Scraping Wikipedia Tables With Rust

Dec 6, 2023 · 8 min read

Have you ever wanted to analyze data from Wikipedia but didn't want to manually copy-paste tables? Web scraping allows you to automatically extract tables and other data - opening up interesting analysis opportunities.

In this post, we'll walk through a hands-on example of scraping Wikipedia to get data on all US presidents. Along the way, we'll learn web scraping concepts that will be useful for non-programmers and beginners alike.

Why Would You Want to Scrape Wikipedia Data?

There are a few great reasons to scrape Wikipedia:

  • Quick access to structured data. Tables on Wikipedia contain nicely formatted data ready for analysis.

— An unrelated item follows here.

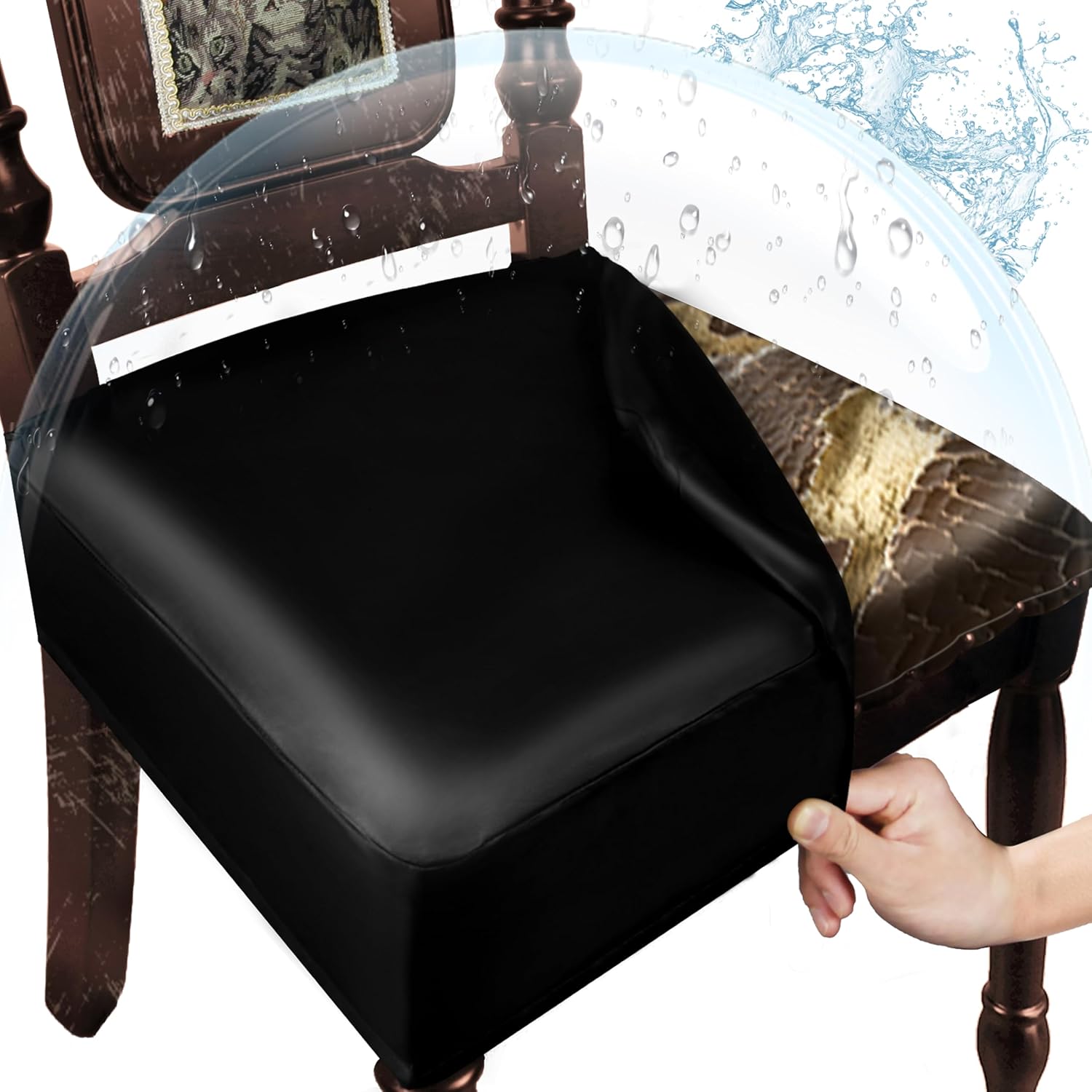 Comprehensive Protection: WUSOUPU’s black kitchen seat covers have a classic leather look that complements your kitchen environment. Waterproof seat cover for dining chairs can easily handle spilled drinks, food residue, pet scratches, urine while adding interest to your home decor. Chair covers for dining room, living room, restaurant, celebration and party chairs

Web scraping easily converts these messy HTML tables to clean rows/columns of data.
  • Data availability. Much of the world's knowledge is on Wikipedia - scraping it opens up interesting analytics opportunities not available otherwise.
  • Learn by doing. Scraping Wikipedia is a nice way to get hands-on practice with key programming concepts like HTTP requests, HTML parsing, and asynchronous programming.
  • We'll focus on the last point in this post - learning foundational concepts that can be applied to all kinds of web scraping tasks.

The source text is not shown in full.